IRMA is evaluated against ReAct, Function Calling, and Self-Reflection across multiple open-source and closed-source LLMs on $τ$ -bench. Key findings include:

Accuracy: IRMA outperforms ReAct, Function Calling, and Self-Reflection by 6.1%, 3.9%, and 0.4% respectively in overall pass@1 score. In the airline domain, IRMA achieves 20% and 22.4% higher accuracy than Gemini 1.5 Pro-FC and Claude 3.5 Haiku-FC.
Reliability and Consistency: On pass^5, IRMA exceeds ReAct and Function Calling by 16.1% and 12.6%, respectively, indicating superior reliability across multiple trials.
Robustness: After removing tasks with ground-truth and user instruction errors, IRMA's performance gap over baselines widens, demonstrating resilience to noisy supervision and ambiguous instructions.
Efficiency: IRMA completes tasks in fewer turns than competing methods, with reductions of up to 8.3 turns in airline tasks compared to Self-Reflection.

These results are consistent across both retail and airline domains, and ablation studies confirm the complementarity of IRMA's modules, with the full configuration (memory + constraints + tool suggestion) yielding the best performance.

Implementation Considerations

IRMA's architecture is modular and can be instantiated with any function-calling LLM backbone. The memorization module is model-agnostic, while constraint extraction and tool suggestion require domain-specific rule sets and tool catalogs. The FACT prompting strategy is critical for maximizing the benefits of input reformulation, as demonstrated by controlled ablation experiments. IRMA's loop-free design offers latency and cost advantages over verification-based approaches, making it suitable for real-world deployment in customer-service and enterprise automation scenarios.

Implications and Future Directions

The results suggest that context engineering—specifically, structured input reformulation—can substantially improve the reliability and efficiency of tool-using LLM agents in dynamic environments. The approach is robust to hallucination and instruction drift, and generalizes across domains and model sizes.

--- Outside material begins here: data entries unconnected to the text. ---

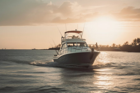 Ship, ocean and sea travel at sunrise for holiday, vacation and ai generated tourism on nature yacht
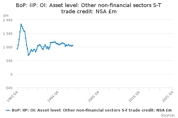 Download this time seriesBoP: IIP: OI: Asset level: Other non-financial sectors S-T trade credit: NSA £m
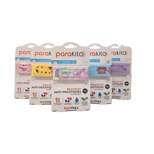 Le bracelet anti-moustiques aux huiles essentielles Parakito est un produit très efficace pour éloigner les moustiques. Il s'agit d'un bracelet en néoprène, disponible en plusieurs couleurs et motifs, qui est imprégné d'une solution à base d'huiles essentielles de citronnelle, de lavande et de géranium.
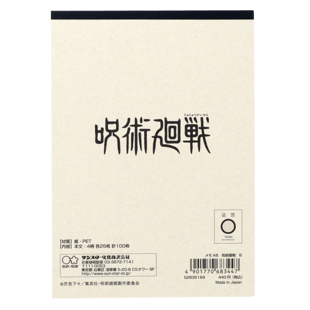「虎杖悠仁」「伏黒恵」「釘崎野薔薇」「五条悟」の4人が表紙になったAデザインのメモA6。
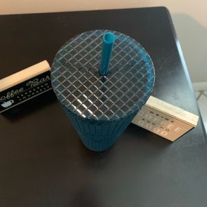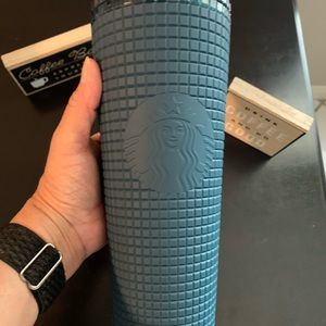 Starbucks winter 2023 navy blue/ teal, soft touch grid tumbler 24 ounce.
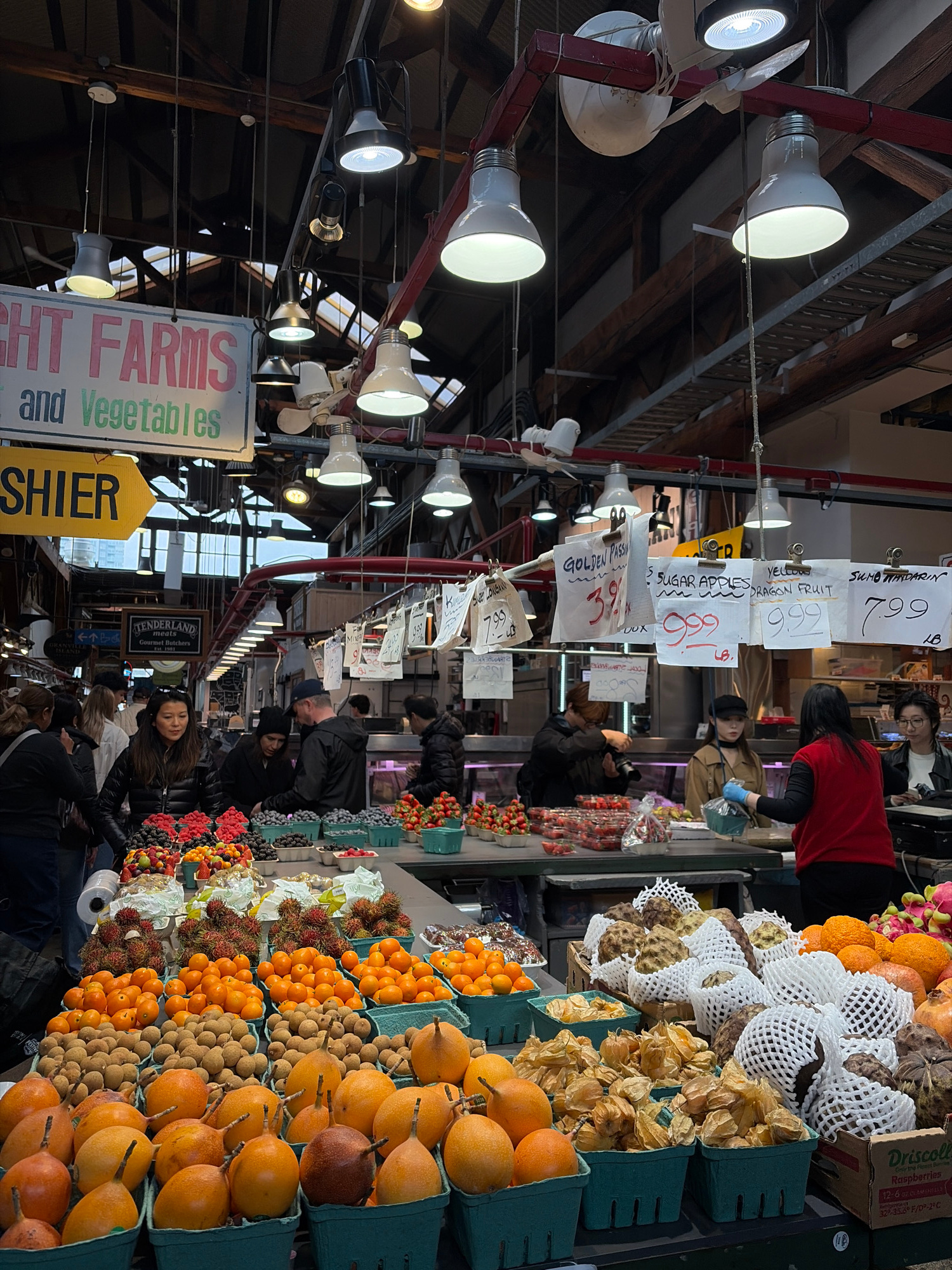 This image shows a bustling scene inside a marketplace in Vancouver, Canada. The focus is on a vendor stall abundant with various fruits and vegetables, displayed in green containers. There are tange…read more
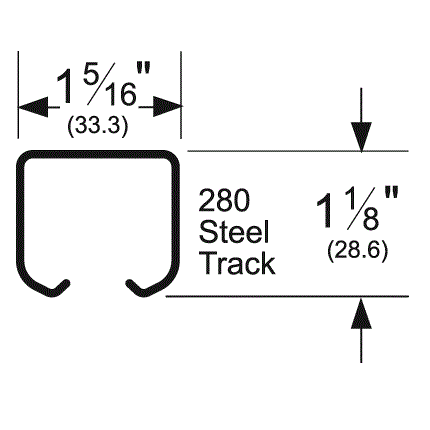 PC Henderson 280C Steel Box Track is designed for single, bi-parting, bifold and bypass door panels up to 200 LB. Available in a selection of lengths. Can be used with the H200PACK Sliding Hardware.
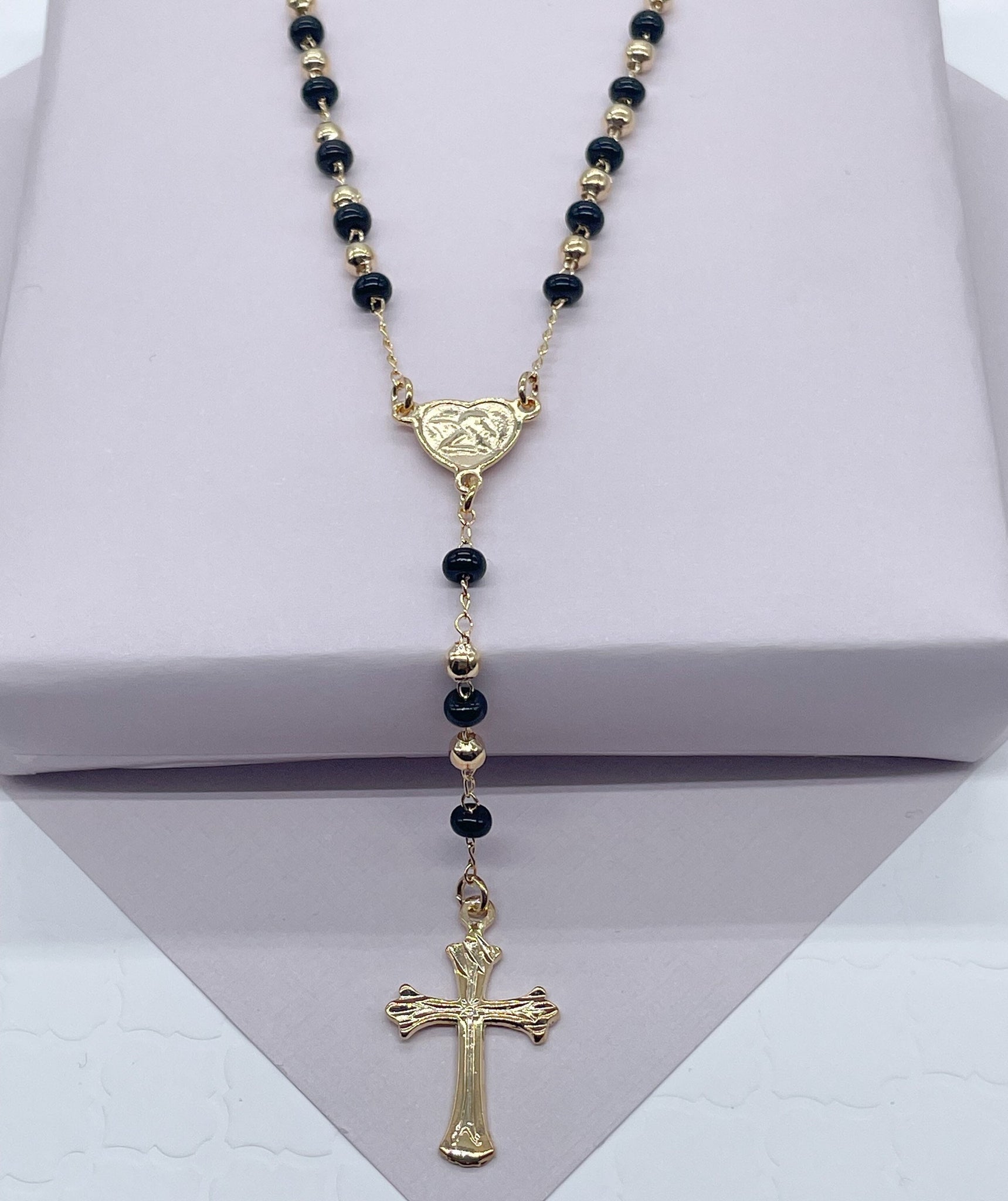 18k Gold Filled Black Beaded Rosary with Angel and Cross

However, the observed ceiling in pass⁵ scores (~43%) indicates persistent challenges in long-horizon reasoning and policy adherence. Further research is needed to extend IRMA to more diverse environments, refine domain rule extraction, and address limitations in reward modeling and user simulation fidelity.

Conclusion

This paper provides a comprehensive analysis of failure modes in tool-using LLM agents and demonstrates that input reformulation via the IRMA framework yields significant improvements in accuracy, reliability, and efficiency on $τ$ -bench. The integration of memory, constraints, and tool suggestions, combined with targeted follow-up questioning, enables more robust agentic behavior in complex, multi-turn settings. The findings underscore the importance of context engineering for agentic LLMs and lay the groundwork for future advances in reliable, policy-compliant tool usage in real-world dynamic environments.